Fracking could be behind startling increase in US methane surge, experts say

Rapid rise in the global-warming gas, 86 times more powerful than CO2, is spotted by satellites

Geoffrey Lean
Saturday 05 March 2016 22:52
Some  studies show that many fracking operations are emitting much more methane than has been officially recognised
Some studies show that many fracking operations are emitting much more methane than has been officially recognised

Startling increases in one of the main pollutants that cause global warming have been unexpectedly discovered over the United States – and the main suspect is the country’s booming fracking industry.

New Harvard University research, drawing on satellite measurements, concludes that US emissions of methane – a much more powerful warming gas than carbon dioxide – have “increased by more than 30 per cent over the past decade”.

The researchers say they “cannot readily attribute” the rise to any particular source but point out that US production of shale gas increased nine times during the same period, while other studies show that many fracking operations are emitting much more methane than has been officially recognised.

If the extraction process proves to be the culprit, it will show that exploiting and burning shale gas has been much more potent in global warming even than using coal, severely undermining energy and climate-change strategies. Both the British and US governments have been banking on shale gas as a relatively clean fuel that would act as a “bridge” to the low carbon economy needed in the next few decades if the world is not to heat up uncontrollably.

Fracking sites across America have been targeted by environmental activists

Their policy is based on the fact that burning gas emits half as much CO2 as coal. But if large amounts of methane – 86 times more powerful in causing global warming – is emitted via fracking then this advantage will be negated, or overturned.

The findings are an unpleasant surprise, as the US Environmental Protection Agency (EPA) has held there has been no significant rise in emissions of the gas since 2002. But it relies on estimates based on data from emitting industries, while the new study is based on independent satellite measurements.

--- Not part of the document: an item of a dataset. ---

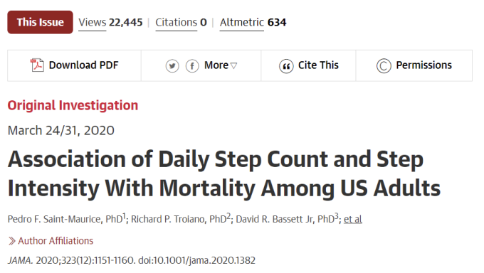 去年,一项由美国国立卫生研究院(NIH)、美国国家癌症研究所(NCI)、美国国家老龄研究所(NIA)以及疾病控制与预防中心(CDC)主导的十年大型研究发现,每日步行步数越高,全因死亡风险越低。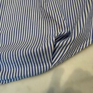 T Tahari, Women’s puffy blouse, cinch pleated at bottom of back hem. Blue & white pinstrip, Size M X 26” Collar to Hem, Structured collar, 61% Cotton, 34% Poly, 5%spandex, Worn long over hips, very breathable fabric

Oil and gas exploitation, coal mining, livestock and landfills all emit methane, with wetlands the major natural source. The study, published in the journal Geophysical Research Letters, says the rise in emissions is “largest in the central part of the country”. It points out that “the US has seen a 20 per cent increase in oil and gas production, and a ninefold increase in shale gas production” over the relevant period, but adds that the “spatial pattern” of the methane does not “clearly point” to the industry, and calls for more research.

Other experts, however, have little doubt as to the identity of the main culprit. Professor Robert Howarth, of Cornell University, who conducted a groundbreaking study into the effects of methane emissions from exploiting shale five years ago, says: “The increase almost certainly must be coming from the fracking and from the increase in use of natural gas.”

And a review of 200 studies by Stanford University scientists concluded leaks in the gas system are “an important part of the problem” that “US emissions of methane are considerably higher than official estimates”. Even EPA head Gina McCarthy admitted late last month that “methane emissions from existing sources in the oil and gas sector are [much] higher than we previously understood”.

The EPA’s industry-based estimates suggest less than 2 per cent of the gas produced by fracking leaks nationwide. If that was right, shale gas would be cleaner – just – than coal. But satellite measurements over two of the fastest-growing regions for exploiting it, East Texas and North Dakota, found leakage of 9 and 10 per cent. Yet another major study put leakage at about 5.4 per cent nationwide.

But many wells, still more research shows, have kept leakage to below 1 per cent, and the Obama administration has introduced measures to slash emissions from new wells. But firms are reluctant to curb them at existing ones due to low gas prices, and official monitoring and enforcement is often scanty at best.